Вера оторопела, внутри у нее что-то словно оборвалось почему-то, хотя, казалось бы, её это никак не должно было взволновать. Затем, горячо надеясь на то, что ничем не выдала себя, произнесла подчеркнуто безразличным тоном:

– Да не-ет, не слышала… Я ж в дирекцию не хожу особо-то… Да хотя бы и так, мне-то что?

Вот же проныра эта Машка, шастает по институту, вечно трется в дирекции, собирает последние новости, курит там со всеми секретаршами подряд и чаи пьет, ну, а те всегда все про всех совершенно точно знают! А еще все-таки больно царапнуло: шеф Аршакович уедет – ну как же так?

– Да… вот так… такая вот важная персона наш шеф Аршакович-то, да?! Но тогда он от нас уйдет, а на отдел кого назначат? Он все в МИД мотается, в Дипакадемию, в международный отдел ЦК, чуть ли не по несколько раз в неделю, и вот, может, во Францию на работу… – Теперь уже Машка заметно оправилась от своих горестей – надо же, как быстро, и, как всегда, новости так и сыпались из нее, как из рога изобилия. – И знаешь, вот если Александра поставят на отдел, так это уже вообще просто караул будет! Зануда он жуткий, и вечно придирается ко всем – с ним тогда точно и не опоздаешь, и не отпросишься!.. А Соловьева если назначат – ну это вообще кранты! Он же всего на свете боится, у него прозвище даже «Заячьи уши»!.. Ой, слушай, вот же еще что! Анечка-то наша как из больницы вышла, так на работе пока что не появляется… дома долечивается, – протянула ехидная Машка.

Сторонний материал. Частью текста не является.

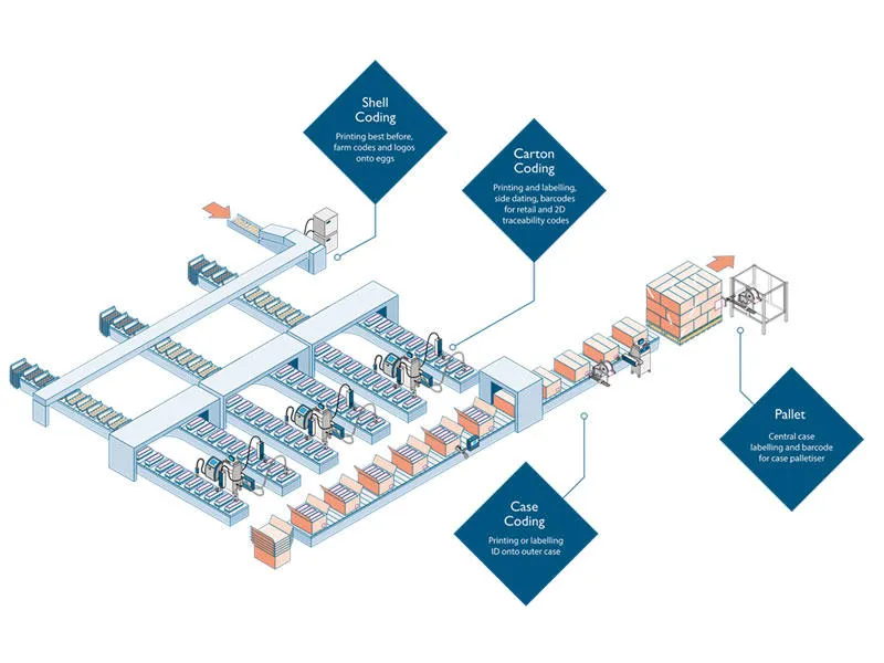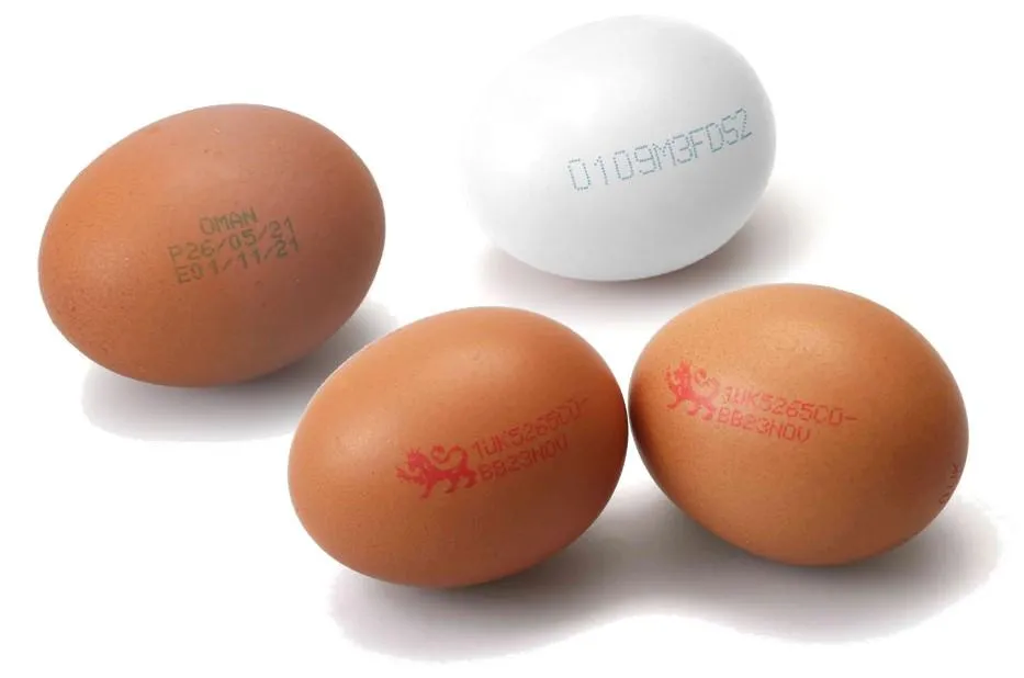 Avec des encres spécialement conçues pour le contact alimentaire direct et des imprimantes pouvant être intégrées à la plupart des calibreuses du marché, le jet d'encre continu (CIJ) est couramment utilisé pour le codage des coquilles d'œufs.
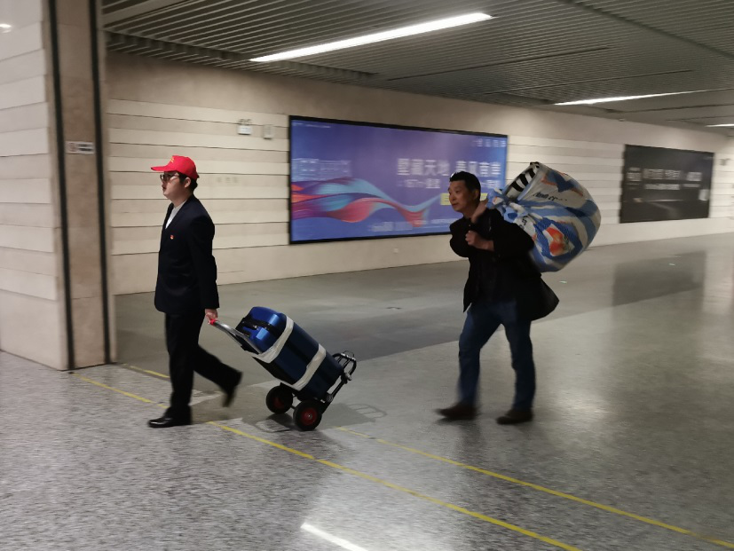 活動中,黨員同志共14人分別位于客運東站地下公交車上下客點、出租車上下客點、地上扶梯中轉點以及志愿服務崗臺咨詢點做方向指引、秩序維持、搬運行李等,遇到不知如何到達目的地的乘客,黨員志愿者熱心幫忙查詢路線、到達方式,并一路帶領將其護送至售票處、公交站臺。

«А ты это к чему?» – хотела спросить Вера, но потом отреагировала неопределенным междометием «м-да», прекрасно понимая, к чему это сказано.

– Так она теперь вроде, наконец, замуж выходит, знаешь ли, за какого-то старого знакомого своего, друга детства, кажется. Ну, и слава богу, правда? Я за нее рада! И потом, не может же она вечно по нашему шефу сохнуть! Она-то, знаешь ли, конечно, рассчитывала: вот он разведется, потом сразу женится на ней, ну, и так далее… У них же долго роман был! Как же, прям щас, так и разбежался – женится он! Держи карман шире: такие не разводятся и не женятся! А еще, знаешь… там ведь и ребеночек даже в проекте уже был задуман… Да вот только наш шеф насмерть, видимо, встал, вот и пришлось ей… – Машка понизила голос до театрального шепота.

Ну почему вредная Машка всегда успевает быть в курсе таких подробностей?!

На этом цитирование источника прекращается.